I wouldn’t be nearly so troubled by such remarks if they weren’t coming from people who profess to be Christians. I am pained by the words simply because they bear so much resemblance to those of the rich young ruler, and unless he had a change of heart, he lost true Life. The underlying attitude: “there are limits to what I will do to follow Christ. There are some things God isn’t going to get from me; they cost too much on every level and the task is too impossible.”
[Side note on impossible tasks: Some moments, I do wonder why I’m here, and why it will be so long before I can actually verbalize the gospel in Burmese, much less find someone who will want to discuss it. But my doubt is not allowed to linger. I know my tongue is worse than that of Moses, and my comprehension even more abysmal. But God’s response to Moses is no less true for me: “Who gave man his mouth? Who makes him deaf or mute? Who gives him sight or makes him blind? Is it not I, the LORD? Now go; I will help you speak and will teach you what to say” (Ex. 4:11).]
Is obeying God worth it to me, even if I see no great accomplishments at the end? If by some financial misfortune I end my life with no equity and few liquid assets? If I come home with no great “results” to report? Is it worth it even if parenting a third culture kid is really, really difficult? Yes, it’s worth it. Why? Because we have been given the best possible fuel for this journey.
Some are fueled by this expatriate lifestyle because it seems so exotic, risky, and satisfying to one’s wanderlust. It is an escape from the workaday issues and problematic relationships in North America. It’s a superiority card to hold above all those other Christians who aren’t as committed, and haven’t left the continent. That is not good fuel for the road; these motivations will plunge a person into breakdown at some point.
But this, this is the best reason to obey: “I have seen you in the sanctuary and beheld your power and your glory. Because your love is better than life, my lips will glorify you.” (Psalm 63:3)
If I lose my assets, my family, my health, and decades of my comfy day-to-day life in order to follow him, it is worth every second. His love surpasses all aspects of life; all other things God made and declared “Good!” still pale in comparison to fellowship with him. (If you’re a professing Christian and you can’t bring yourself to agree with the above statement, I beg you to spend some time asking yourself, “why don’t I believe this? What it is that I trust more than God? What does this say about my relationship with God?”)
We Christians love to recite the promise of Romans 8: “For I am convinced that neither death nor life…will be able to separate us from the love of God that is in Christ Jesus.” We fear death, and so we obsess over how death isn’t the end, how Christ has conquered it. This is true, of course! But have you ever given thought to the ways in which your life might be separating you from God?
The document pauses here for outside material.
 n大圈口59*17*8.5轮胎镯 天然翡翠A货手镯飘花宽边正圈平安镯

A dominant part of the Christian identity is that we follow a God whose love is a life-taking sort of love. He gave his life on our behalf and for centuries since Christians have been bedeviling the world with their dogged resolve to follow that love, at the cost of their very lives. We make much of death—the short term cost—and comfort ourselves with the promise of what lies beyond it. It’s easy to speak of giving God your death, but that will only happen if you first give him your life. (It usually doesn’t take as long to die as it does to live. What’s the life expectancy these days anyway?)
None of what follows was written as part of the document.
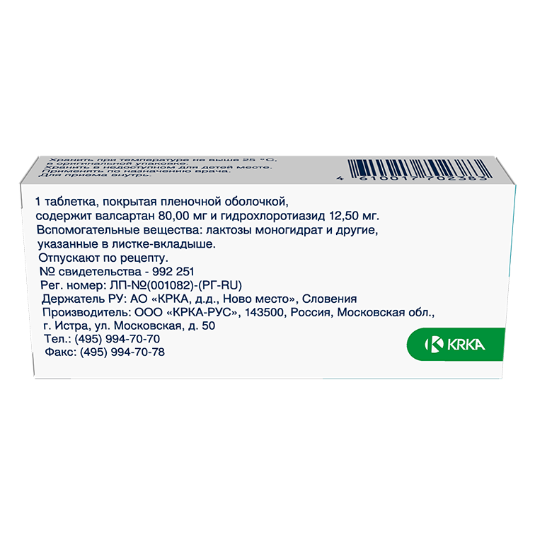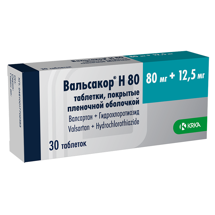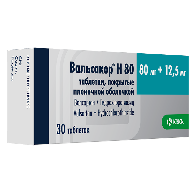 ВАЛЬСАКОР Н80 80мг+12.5мг N30 табл п.п.о. КРКА-РУС

“For with you is the fountain of life; in your light we see light.” (Psalm 36:9)
Take yourself to this Wellspring and drink. You won’t know until you taste it; the comforts of having one’s own way prove to be nothing but a cup of brackish water next to this choice Wine.
“Keep back nothing. Nothing that you have not given away will be really yours. Nothing in you that has not died will ever be raised from the dead. Look for yourself, and you will find in the long run only hatred, loneliness, despair, rage, ruin, and decay. But look for Christ and you will find Him, and with Him everything else thrown in.”